Franz Joseph Haydn (March 31, 1732–May 31, 1809) was an Austrian composer, one of the most prolific and prominent of the Classical period, who often called the “Father of the Symphony” and “Father of the String Quartet” because of his important contributions to these forms as well as to the development of the piano trio and the evolution of sonata form. Haydn was born in Rohrau, Austria, a village that at that time stood on the border with Hungary. His father, Mathias Haydn, was a wheelwright who also served as “Marktrichter”, an office akin to village mayor. Haydn’s mother Maria, née Koller, had previously worked as a cook in the palace of Count Harrach, the presiding aristocrat of Rohrau. . Neither parent could read music, but Mathias was an enthusiastic folk musician, who during the journeyman period of his career had taught himself to play the harp. The family frequently sang together and with their neighbors.

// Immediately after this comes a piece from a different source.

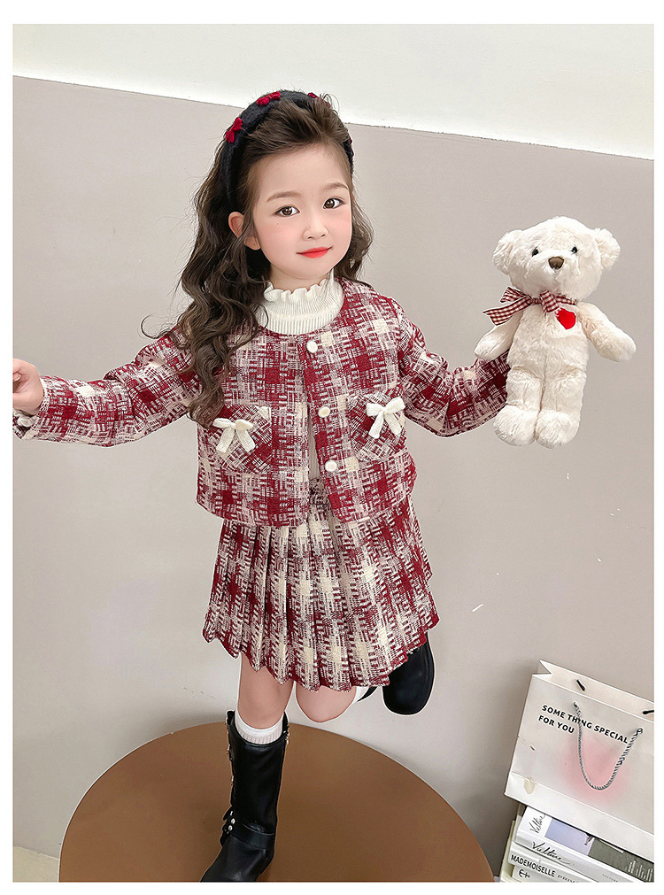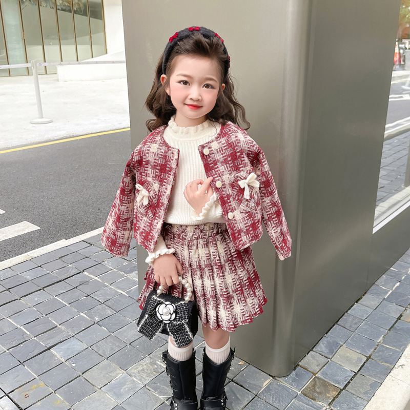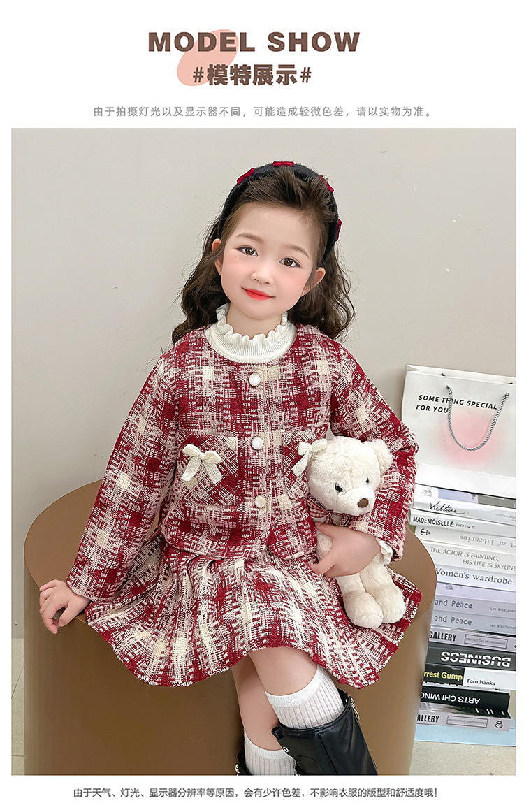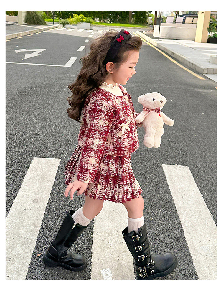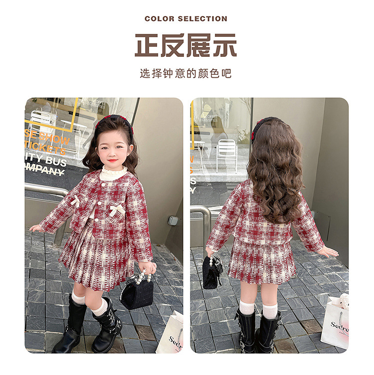 여아용 작은 프랑스 스타일 투피스 세트 가을 겨울 2025 신상 패션 여아용 누빔 두꺼운 세트 중소 어린이용스토어 가기

Haydn’s parents had noticed that their son was musically gifted and knew that in Rohrau he would have no chance to obtain serious musical training. It was for this reason that they accepted a proposal from their relative Johann Matthias Frankh, the schoolmaster and choirmaster in Hainburg, that Haydn, about six years old, be apprenticed to Frankh in his home in Hainburg to train as a musician. Beginning his musical training there, he could soon play both harpsichord and violin. The people of Hainburg heard him sing treble parts in the church choir. In 1739 he was brought to the attention of Georg von Reutter, the director of music in St. Stephen’s Cathedral in Vienna, who happened to be visiting Hainburg and was looking for new choirboys. Haydn, age eight, successfully auditioned with Reutter, and after several months of further training moved to Vienna (1740), where he worked for the next nine years as a chorister, living in the Kapellhaus next to the cathedral, along with Reutter, Reutter’s family, and the other four choirboys, which after 1745 included his younger brother Johann Michael, who himself became a highly regarded composer,. The choirboys were instructed in Latin and other school subjects as well as voice, violin, and keyboard

By 1749, Haydn had matured physically to the point that he was no longer able to sing high choral parts. He had the good fortune to be taken in by a friend, Johann Michael Spangler, who shared his family’s crowded garret room with Haydn for a few months. Haydn immediately began his pursuit of a career as a freelance teenage musician. During this time, Haydn worked at many different jobs, as a music teacher, as a street violin serenader, and eventually, in 1752, as valet–accompanist for the Italian composer Nicola Porpora in exchange for lessons. He was also briefly in Count Friedrich Wilhelm von Haugwitz’s employ, playing the organ in the Bohemian Chancellery chapel at the Judenplatz. When he was a chorister, Haydn had not received serious training in music theory and composition, which he perceived as a serious gap. To fill it, he worked his way through the counterpoint exercises in the text Gradus ad Parnassum by Johann Joseph Fux, and carefully studied the work of Carl Philipp Emanuel Bach. As his skills increased, Haydn composed an opera, Der krumme Teufel, “The Limping Devil”, written for the comic actor Johann Joseph Felix Kurz in 1753.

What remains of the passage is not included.